Six years in a solitary prison cell afforded Anwar Ibrahim, former deputy prime minister of Malaysia, plenty of time for reflection.
When not reliving his own downfall, he dwelled at length on the divide between the West and the Islamic world, and what could be done to repair the rift. As premier-in-waiting in the 1990s, he had moved easily across this fault line, a symbol of Malaysia's moderate brand of Islam harnessed to economic success.
Now, two months after being freed by an appeals court, Malaysia's most famous dissident is preparing for another turn on the international stage, this time as a broker of sorts between US neoconservatives and the Muslim world. He has accepted a fellowship next year at Oxford University and plans to spend much of his time rekindling old relationships. His admirers - among them former Vice President Al Gore and current Deputy Secretary of Defense Paul Wolfowitz - cross party lines.
But after his long confinement, Anwar admits he's still playing catch-up on the seismic shifts in US policy and diplomacy in recent years.
"The political landscape has changed. I have listened a lot in the last few months to friends here and in the West, and to Muslim activists, and it's unfortunate it has developed to this stage in terms of enmity and rancor between Islam and the United States, in particular," he says. "But what is the option? We have to continue to engage, including with the Bush administration."
Behind his lofty goals of diplomatic engagement lies Anwar's buried dream of leading his country. Until his sacking and jailing in 1998 on sodomy and graft charges, he was the natural successor to Mahathir Mohamad, the former prime minister who stepped down last year after 22 years in power.
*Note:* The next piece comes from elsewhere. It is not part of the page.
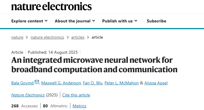 相关研究成果以「An integrated microwave neural network for broadband computation and communication」为题,发表于 Nature Electronics 。

A former Muslim youth leader whose charisma and sharp wits guided him to the top ranks of political office, Anwar appeared equally at home with Saudi princes, rural preachers, and American bankers. But his disloyalty to Mahathir during an economic crisis eventually landed him in jail - a move widely seen as Mahathir's revenge on his deputy.
Although his sodomy conviction was overturned in September, Anwar is barred from running for public office until 2008 because of a related corruption conviction, a move seen in Malaysia as a political compromise.
For now, Anwar says he wants to work with the fragmented opposition parties that performed poorly in elections in March, and push reform.
"I'm still free to express my view, to meet political leaders. I'm still active in meeting the people and articulating the reform agenda, issues of corruption, democracy, and civil society that this country needs," he says.
Some observers, including those sympathetic to Anwar's cause, point out that Malaysia has changed since 1998 in ways that arguably take the sting out of Anwar's calls for reform.
Most crucially, Mahathir has gone, replaced by Abdullah Badawi, who won a huge electoral mandate with a mix of Islamic piety and antigraft promises. Since then, he has begun to whittle away at persistent cronyism, both in government and the United Malay National Organization, which has ruled in coalition since independence in 1957.
Analysts say Abdullah's humble approach appeals to ethnic Malay voters who deserted UMNO in 1999, partly because of the bad taste left by Anwar's downfall. Having won back these voters, they say, Abdullah may have little to fear from the man who once coveted his job.
"Anwar is a celebrity. Malays generally are sympathetic to Anwar, but to what extent that can be converted into real political support, I'm doubtful," says Abdul Razak Baginda, director of the Malaysian Strategic Resource Center, a private UMNO-backed think tank.
Given such obstacles, and the ban on holding office, supporters say the timing is ripe for Anwar to rebuild his international profile. Among the first to telephone him on his release was Mr. Wolfowitz, whom Anwar calls a close friend. After back surgery in Germany for an injury he blames on a beating in police custody in 1998, Anwar traveled last month to Saudi Arabia, which paid for a private jet for him.
Anwar says this range of contacts gives him the latitude to chide both the US for riding roughshod over Muslim sensitivities and leaders of Muslim countries for holding the US to standards they may not meet themselves. Choosing his words carefully, he argues that the US is right to advocate reform in Muslim countries run by unelected dictators, though it can't be imposed by force, as in Iraq.
"I think the [US] has a point here, in trying to drive and influence and do whatever we can to ensure that the people regain their freedom, not according to the dictates of America, but their own homegrown democracy," he says.
Anwar says he plans to use his time at Oxford to explore ways of promoting reforms in the Islamic world and more nuanced US policies in that direction. "I think I will be more successful by supporting existing initiatives by some credible groups. I think that would be more useful than starting an initiative on my own," he says.